In the division of physics at the National Research Laboratories. Ottawa, special attention is being given to the problems peculiar to Canadian aviation. Some, at least, of the odds are to be removed. The urgency of their immediate removal is not generally recognized.
How would you, Mr. Citizen, care to take a battered old war bus, patch it up. brace it with bits of wire, and venture over the wilds of Canada's unconquered waste lands? Some of our pioneers of the air have done that and more.
How would you care to blaze trails for industry and settlement over those same uncharted, unmapped areas, where a forced landing means disaster, even though you have an up-to-date aircraft but not one that is designed to meet the special hazards you would encounter? For many of our airmen that is part of every day’s throw of the dice.
Even where an effort has been made to meet those special hazards, designers and manufacturers of aircraft have been handicapped by the lack of adequate testing facilities. You, as an ordinary citizen, may not contemplate an air voyage over unmapped lands. Your ambition may rise no higher than an air passage between Toronto and Montreal or Winnipeg and Calgary, and may be satisfied with a weekend “bus ride’’ just to say you have been up. Still, you are directly concerned with the aeronautic research work at Ottawa, for even on very short jaunts you encounter certain risks, some of them peculiar to Canada. And though you may not contemplate the least venturesome of these things and are perfectly content to remain on terra firma, you have an interest in what is being done at Ottawa.
AERONAUTICS has become an ■1 integral part of our national life. Over a quarter million of our fellow citizens have taken to the air in the last five years. To be exact, the number making flights increased from 9,090 in 1924 to 268,894 in 1929; the total number of flights increased from 3,776 to 144,143. In 1929, Canadians covered six-and-a-quarter million air miles in 445 aircraft. As compared with the record of 1924, the miles flown were multiplied by twenty, and the number of aircraft by over one hundred. The freight carried by aircraft increased fifty times, from 77,385 pounds to 3,903,908 pounds.
Airmen in the Making
This passenger and freight trans-
portation was handled by eighty-one firms operating aircraft in 1929. Five years earlier there were only eight. But more significant still is the fact that in one year, 1929, every item was doubled and a number were trebled.
All this is the forerunner of a stupendous transportation development, greater perhaps than any which has come to this young nation, even including our transcontinental railway systems. Our railway executives are aware of its importance, for they are getting into the air transport business with both feet.

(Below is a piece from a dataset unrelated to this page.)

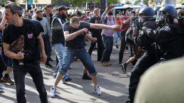 Сообщение прибыло, поскольку тысячи немцев собрались в субботу, требуя полного конца карантина.

But before we can develop fully as an air nation, we must have machines suited to our own special requirements and conditions. That the work is extremely urgent is shown by the enquiries continually pouring in to the National Research Council, both personally and by letter, regarding problems for which airplane manufacturers in Canada seek a solution.
Although aeronautical research embraces most branches of engineering and many other sciences, its three principal divisions are aerodynamics, hydrodynamics and power plant. At this writing a wind tunnel and a test tank are nearing completion at Ottawa, with provisions for trying out aircraft engines and other general airplane equipment.
Wind Tunnel Tests
TESTS in aerodynamics by means of a wind tunnel date as far back as 1893. when aeronautics was an infant science. Canada had its first wind tunnel, a small one,
five years later, built by W. R. Turnbull, of Rothesay, N.B., by which time there were others in England and the United States. Europe followed suit. But it was not until 1917 that Canada had one of any size, a four-foot tunnel at the University of Toronto, and until the National Research Council built the one at Ottawa this was the only wir d tunnel in the Dominion.

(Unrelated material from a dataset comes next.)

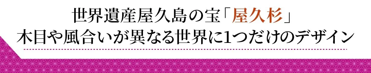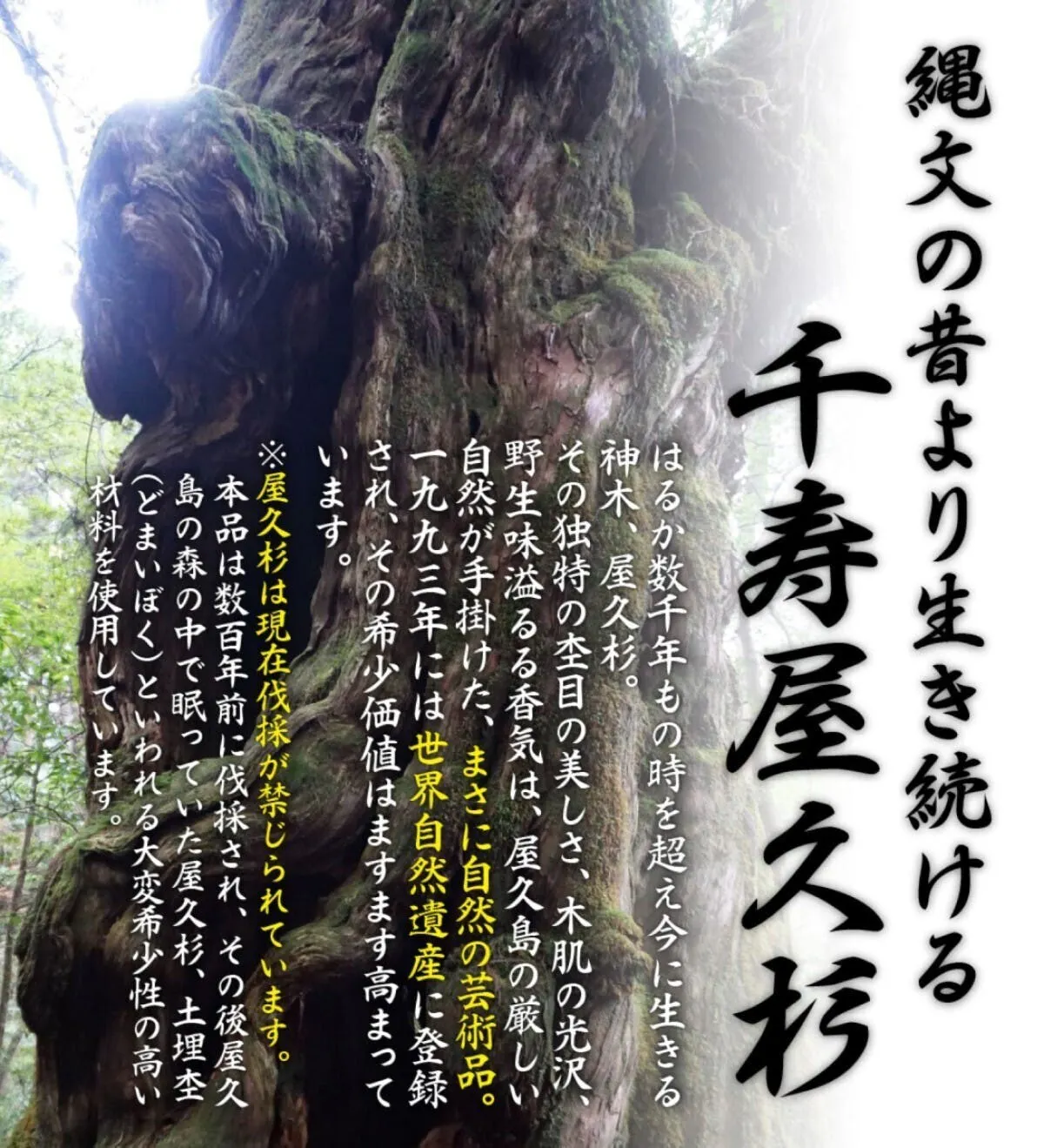 ■本品は世界遺産の宝、屋久島の希少な「屋久杉」(土埋杢・どまいぼく)を贅沢に使用。

It is hardly necessary to wade through the intricacies of wind velocity, similitude of flow, geometric similarity of models, linear dimension and kinematic viscosity in order to deduce that the larger the tunnel the more accurate the tests which may be made. Having in mind the importance of aircraft development to Canada and the peculiar and difficult conditions under which our airmen are required to fly, the installation of one of the largest wind tunnels in the world is by no means over-ambitious.
To visualize the wind tunnel at Ottawa, take a length of pipe and at either end place a funnel. In one funnel, if you are to have wind, you will need a fan or propeller to suck the wind into the funnel at the opposite end, through the inside and out past your propeller. Your aircraft model, if you get that far, will be suspended for observation in the Continued on page 24
Continued from page 16
pipe or jet. The length of the jet at Ottawa is twelve feet and its diameter nine feet. The funnel through which the air is sucked graduates from a seventeen-foot square to a nine-foot circle. A wind speed of 125 miles per hour is developed by a fan with thirteenfoot blades driven by a 600 horsepower motor in which are embodied a number of new features.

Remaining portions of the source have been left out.